Без особой натяжки к числу пророческих можно отнести, пожалуй, и стихотворение, приснившееся Ал. Соболеву в 1935 г. Он нередко сочинял во сне; утром, еще не облачившись в дневную одежду, спешил к письменному столу записать запомнившиеся строки. Иногда, проснувшись, восклицал: "Какие мне стихи приснились! Но я их не помню!.." Был убежден: лучшие стихи сочиняет во сне. Остается их эмоциональный след, но сама поэтическая вязь нередко ускользает из памяти. Объяснять эту его особенность не берусь, тем более что не знаю, снятся ли стихи другим поэтам. Одно несомненно: когда он спал, мозг его продолжал работать в заданном направлении. Так было, и не раз. Итак, утром он записал приснившиеся стихи и назвал их "Странный сон". Это и в самом деле было необычное сновидение: один из дней войны в Москве! Почти фотографическое изображение столицы в середине, точнее 16 октября, 1941 г., когда немцы вплотную подошли к Москве. Я это отлично помню, потому что именно в этот день пешком уходила, точнее бежала, из города, опасаясь попасть к немцам, оказаться по разные стороны фронта с родителями, жившими в Подмосковье.
Да, это выглядело так, как рассказано в стихотворении Ал. Соболева:
Как море Черное в свирепый ураган, кипит, волнуясь, небо над Москвой.
Москва в огне,
Москва в кольце врагов!
Тре-во-га!..
Потоки толп текут по мостовым...
Тре-во-га!..
Сирены ревом режут ночь на части, орудия грохочут громовым раскатом, рокочут самолеты, и стрекочут
чечеткой частой пулеметы...
Тре-во-га!..
В конце: Я падаю...
и просыпаюсь...
Зажмурился от световой волны.
Как хорошо, что мир, что нет войны...
До начала войны оставалось еще шесть лет. Поэт С. Щипачев, которому молодой автор показал свое сочинение, глянул на него удивленно, покрутил пальцем у виска: "Ты, парень, случайно, не того? Какая война?!"
Но война грянула.
За два с лишним года пребывания на фронте Ал. Соболев познавал войну в качестве рядового действующей армии, видел ее во всех проявлениях зоркими, проницательными глазами незаурядной личности, способной не только наблюдать, но и анализировать происходящее. И обобщать, и делать выводы. Не в результате отдельного эмоционального толчка, а в череде фронтовых будней родилось, оформилось и укрепилось в нем навсегда представление о войне как об извращенном, богопротивном состоянии рода человеческого, чреватом самоистреблением миллионов людей.
Вполне логично: из подобного взгляда на войну не черпают вдохновение для создания художественных произведений, воспевающих боевую доблесть и ратные подвиги. Очень немногие фронтовые стихи Ал. Соболева времен войны и после нее повествуют о проявлении лучших, высоких вечных качеств человека в периоды испытания на прочность:
о вере, любви, милосердии, верности долгу. Поэт Ал. Соболев на войне такой:
Может, смерть пройдет сторонкою, пусть шипят осколки змеями.

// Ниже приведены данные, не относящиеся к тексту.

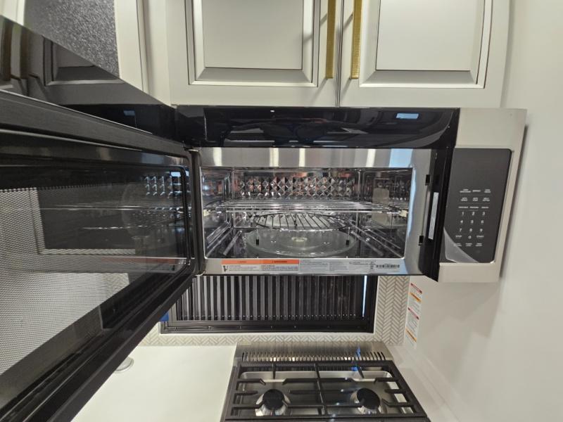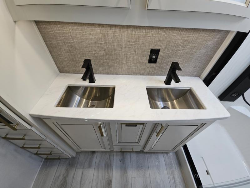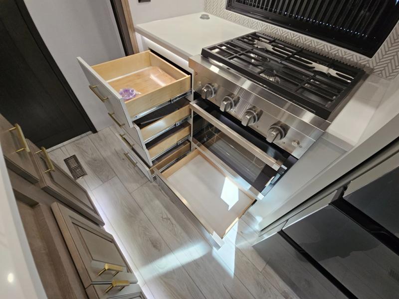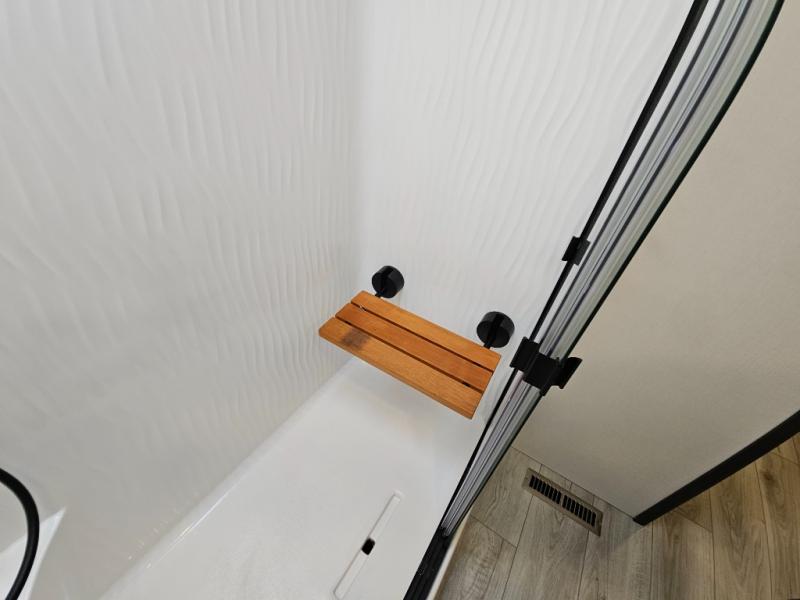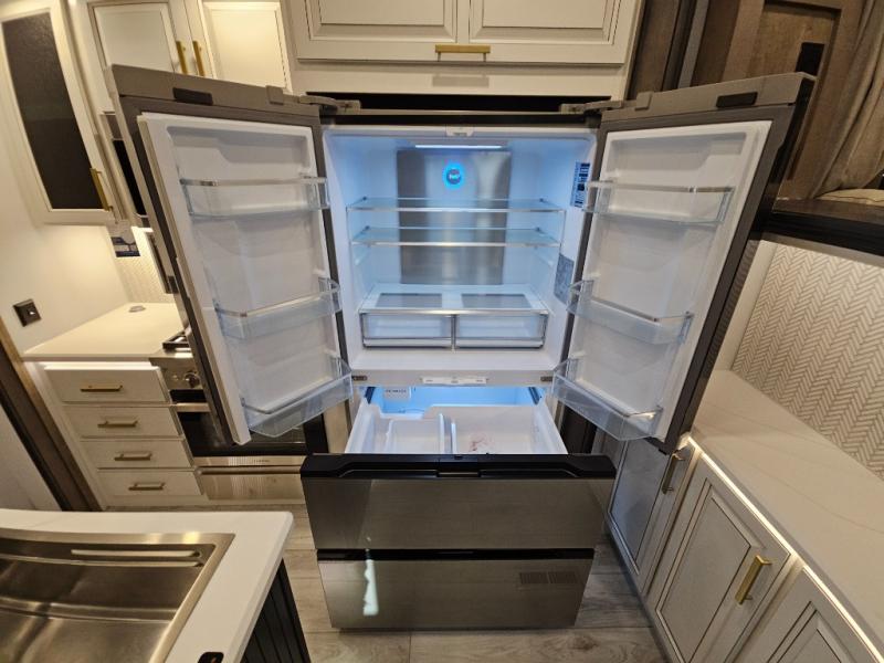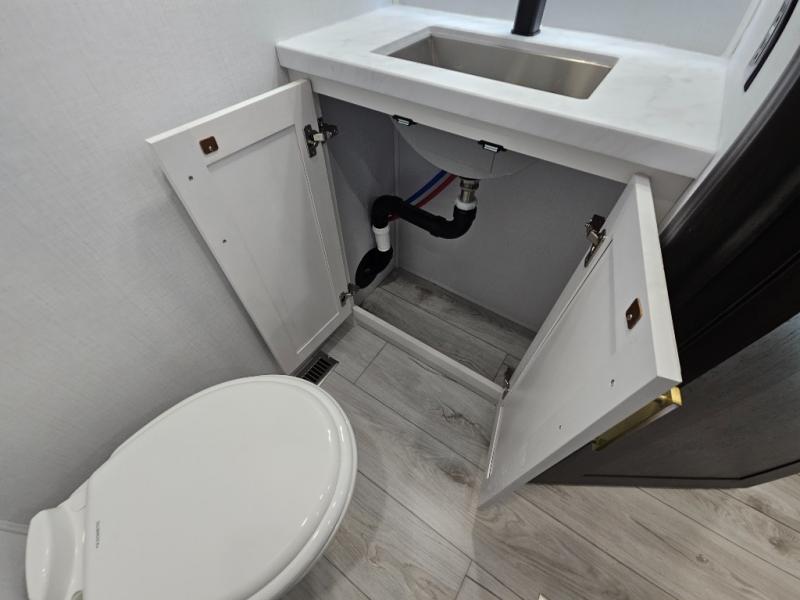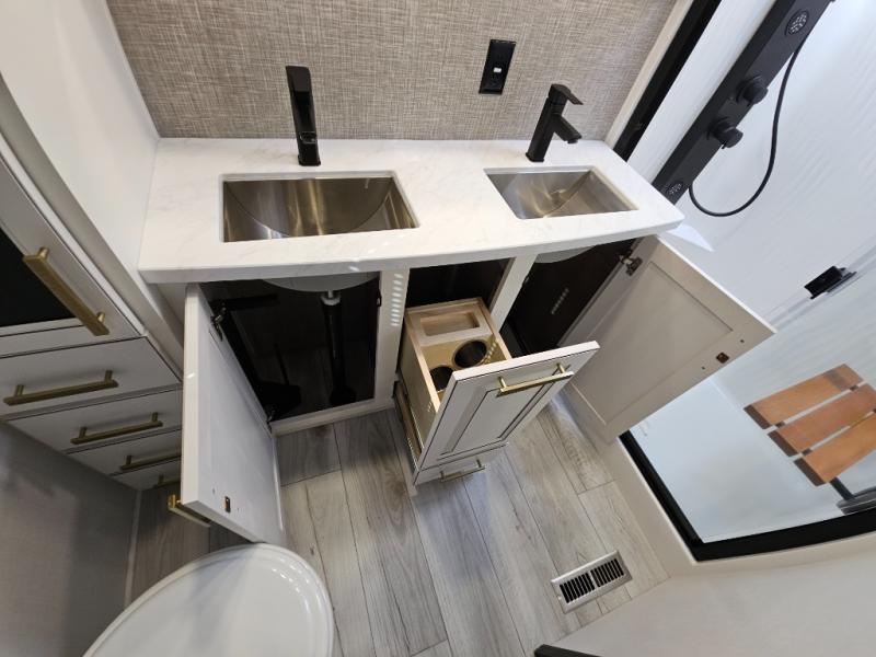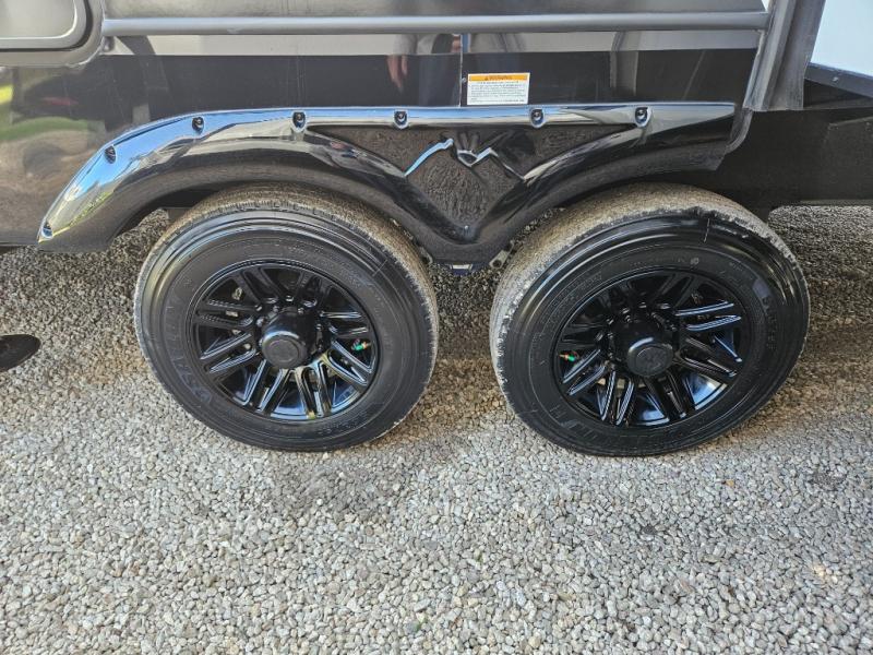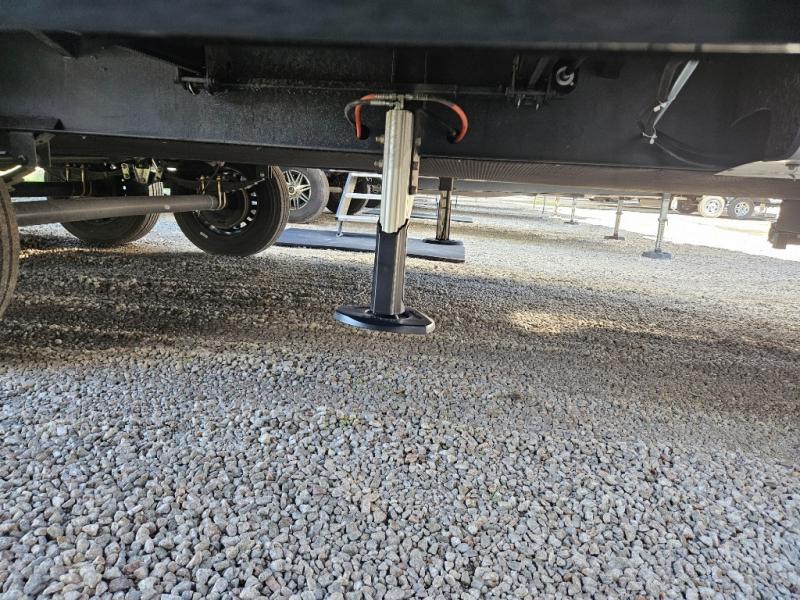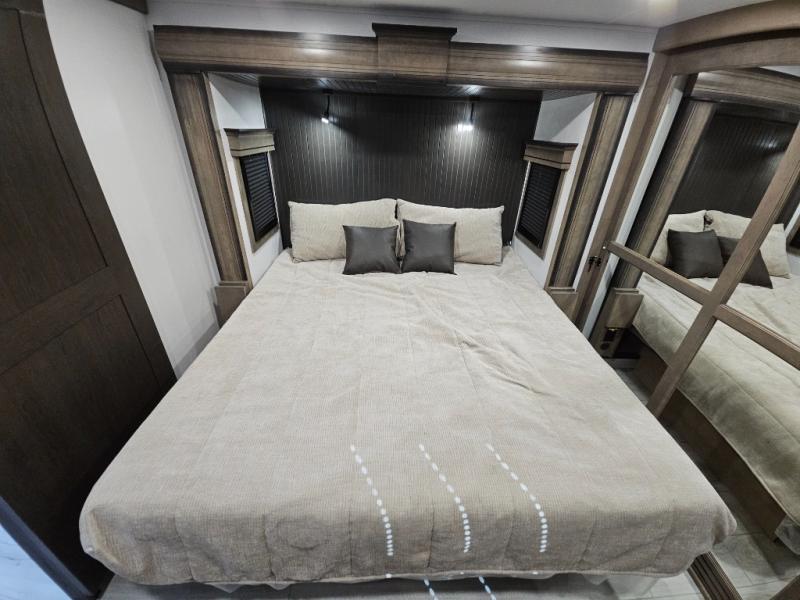 Life will be easier at the campground in this fifth wheel with a bath and a half! The full rear bathroom has a 48" x 30" fiberglass shower with a seat and skylight above, a linen closet to keep your towels close, a dual sink vanity for two to get ready at once, and a barn door to close off the master suite. The bedroom also has a king bed slide with storage underneath across from a dresser with a 32" Smart TV and wardrobe, as well as a large closet with stackable washer and dryer prep. The chef can prepare their best meals with the kitchen island, convection microwave and 24" range, plus there is a pantry/buffet and a pivot dinette to enjoy your meals at. The front living area will have you feeling right at home with the front entertainment center that has a telescoping 50" Smart TV, a 5,000 BTU decorative fireplace heater, and storage on either side. There is also opposing hide-a-bed sofa slides for extra sleeping spaces and power theater seating for even more comfort!
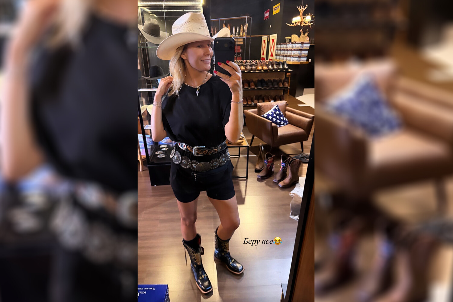 47-летняя Елена Летучая позировала в черном топе, велосипедках и ремнях с массивными пряжками. Образ дополнили грубые ботинки и ковбойская шляпа. При этом ведущая отказалась от макияжа и укладки. На других кадрах она также показала мужа, который выбирал ботинки для покупки. Пара уже несколько недель путешествует по Южной Америке.

Жаворонок песню звонкую рассыпает над траншеями.
То не птичка серокрылая заливается с усердием, это ты поешь мне, милая, про любовь и про бессмертие...
Я судьбы своей не ведаю, лишь желанье в сердце жаркое: я хочу прийти с победою к жизни светлой, к счастью яркому.
И такой: Душа заставила солдата
под грохот бомб, снарядов вой смотреть восходы и закаты над адовой передовой...
В запасном полку:
У самого леса играет река, и воздух прозрачен и чист, и волны июньского ветерка ласкают зеленый лист.
Встречают рассвет соловьи на ветвях раскатистой песней весны.
Спокойно и мирно мы спим в шалашах, как будто бы нет войны...
Лирика? Да. Но не только. Опубликованы в сборнике, вышедшем в 1996 г., и другие немногие стихи Ал. Соболева о войне: "Саперы", "Полковое знамя", "Вспоминается наступленье", "В день Победы", "Солдату-победителю", "Милосердие", "Розы на море", "Навечно с живыми".
Весной 1944 г., после ранений и контузий сержант Соболев был демобилизован из рядов действующей армии по инвалидности.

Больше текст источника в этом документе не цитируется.